Welcome to the General_Math_Applications repository! This space is designed to offer users a detailed look into a variety of mathematical methodologies, paired with their practical Python implementations. With modules ranging from Convex Optimization to Wavelets, the repository stands as a resource-rich platform for those interested in the crossroads of mathematics and computational applications.

Contents:

• Convex Optimization: This module employs the CVXPY Python package for optimization tasks, covering linear and quadratic programming. The project showcases CVXPY's capability to address challenges, such as optimizing dietary choices based on constraints.

• Differentiation: Focusing on the variations of functions using derivatives, this module provides insights into symbolic derivatives and numerical approximations. Supported by tools like numpy, sympy, and matplotlib, it demonstrates the implementation and visualization of differentiation techniques.

• Fourier Transform: This project delves into the Fourier transform, emphasizing its role in signal decomposition. With a focus on sound waves, it introduces the PeriodicSampling and SoundWave classes, aiding in the application and visualization of Fourier transformations.

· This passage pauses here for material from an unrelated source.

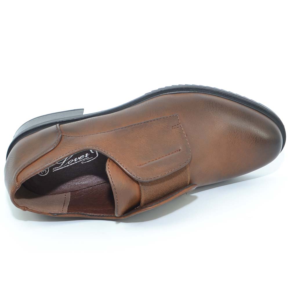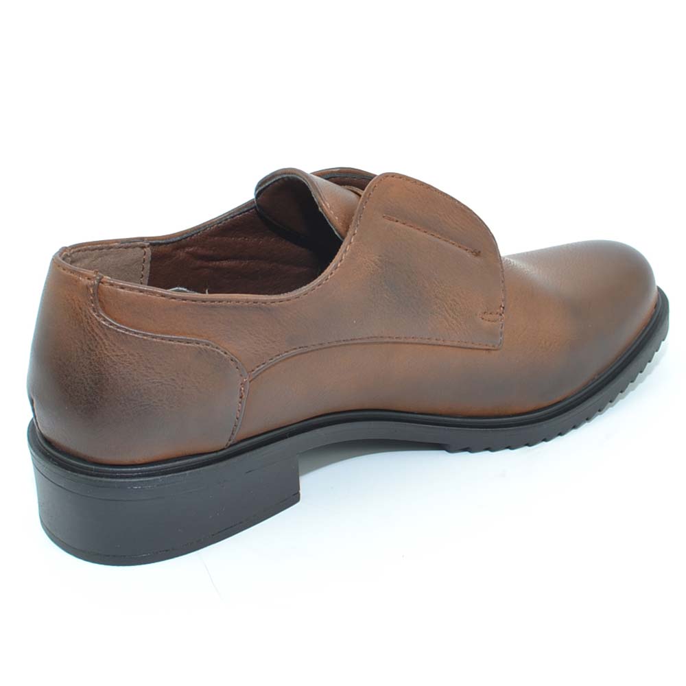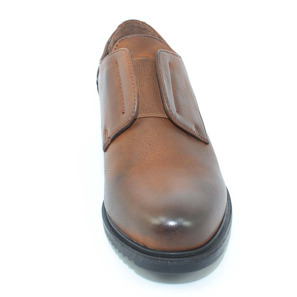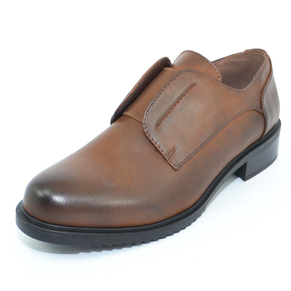 Scarpe francesina donna marrone sfumato senza lacci con elastico punta tonda vintage gomma comfort linea basic

• Gaussian Quadrature: An in-depth look at the Gaussian Quadrature method for approximating definite integrals, this module uses orthogonal polynomials, such as Legendre and Chebyshev. By harnessing the Jacobi Matrix, it provides a comparison of the precision of Gaussian Quadrature with actual integral values.

• Monte Carlo Integration: Adopting the Monte Carlo methods, this module is designed to estimate multi-dimensional integrals where traditional techniques fall short. The module covers areas such as volume estimation of n-dimensional unit balls and emphasizes the adaptability of Monte Carlo methods in high-dimensional integration tasks.

• Polynomial Interpolation: Exploring numerical analysis, this project centers on the Lagrange and Barycentric interpolation methods. Highlighting the construction of the Lagrange interpolating polynomial and the efficiency of the Barycentric method, the module also demonstrates real-world applications, such as air quality data interpolation.

• Wavelets: Presented within a Jupyter Notebook, this module offers an exploration of wavelets for signal and image analysis. With classes like "WaveletTransform", "Signal", and "Image", the project details applications in signal denoising and image compression, ensuring user-friendly interaction with the content.

I invite users to dive into each module and benefit from the blend of mathematical concepts and their corresponding computational applications.